The Canadian Psychological Association (CPA) is the primary organization representing psychologists throughout Canada.  It was organized in 1939 and incorporated under the Canada Corporations Act, Part II, in May 1950.

Its objectives are to improve the health and welfare of all Canadians; to promote excellence and innovation in psychological research, education, and practice; to promote the advancement, development, dissemination, and application of psychological knowledge; and to provide high-quality services to members.

History
The CPA was founded in a University of Ottawa psychology lab in 1938, although it was not formally organized until 1939. Initially, the CPA's purpose was to help with Canada's contribution to World War II; indeed, the CPA was heavily involved with test construction for the Department of National Defence.

Organizational structure
CPA's head office is located in Ottawa, Ontario.
The CPA has a directorate for each of its three pillars – science, practice, and education.
The Science Directorate's mandate is to lobby government for increased funding for psychological research, promote and support the work of Canadian researchers in psychology, and educate the public about important findings from psychological science.
The Practice Directorate's mandate is to support and facilitate advocacy for the practice of psychology across Canada.
The Education Directorate's mandate is to oversee the accreditation of doctoral and internship programmes in professional psychology.
The Board of Directors sets policies that guide the CPA. It is made up of Presidential Officers, Directors, and Executive Officers.

Publications
The CPA, in partnership with the American Psychological Association, quarterly publishes the following three academic journals:
Canadian Journal of Behavioural Science
Canadian Journal of Experimental Psychology
Canadian Psychology
The CPA also publishes a quarterly magazine called Psynopsis. Issues contain brief articles on specific themes relating to psychology, as well as updates from the head office of CPA, committee news, information about the annual convention, and much more.
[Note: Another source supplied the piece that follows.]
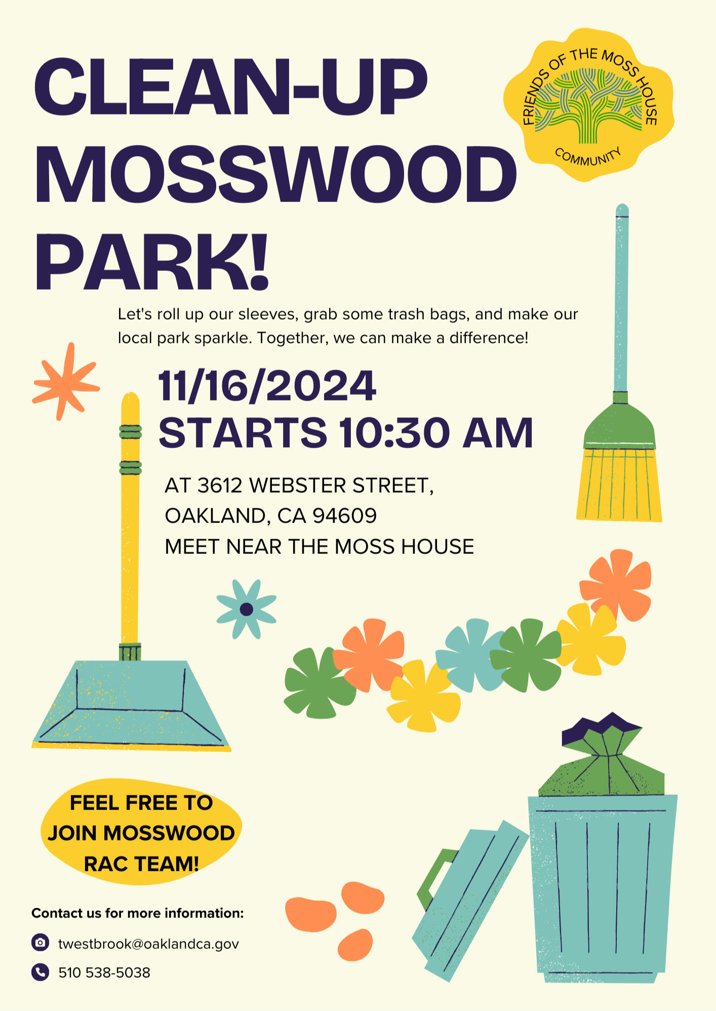 Want to get more involved with Mosswood Park? Join our group for monthly meetings and opportunities to engage more deeply in improving the park.

Mind Pad is a professional newsletter that is written and reviewed by student affiliates of the Canadian Psychological Association. The newsletter is published biannually online.

Awards
Each year at the annual convention, CPA honors individuals who have made distinguished contributions to psychology in Canada with the following awards:
CPA Gold Medal Award For Distinguished Lifetime Contributions to Canadian Psychology
CPA John C. Service Member the Year Award
CPA Donald O. Hebb Award for Distinguished Contributions to Psychology as a Science
CPA Award for Distinguished Contributions to Education and Training in Psychology
CPA Award for Distinguished Contributions to Psychology as a Profession
CPA Award for Distinguished Contributions to the International Advancement of Psychology 
CPA Award for Distinguished Contributions to Public or Community Service
Distinguished Practitioner Award
CPA Award for Distinguished Lifetime Service to the Canadian Psychological Association
CPA Humanitarian Award
President's New Researcher Award
The CPA has numerous student awards. As an example, the CPA gives out Certificates of Academic Excellence to students in each Canadian psychology department for the best undergraduate, masters, and doctoral thesis. The sections of CPA also award students for exceptional papers, presentations, and posters at the annual convention.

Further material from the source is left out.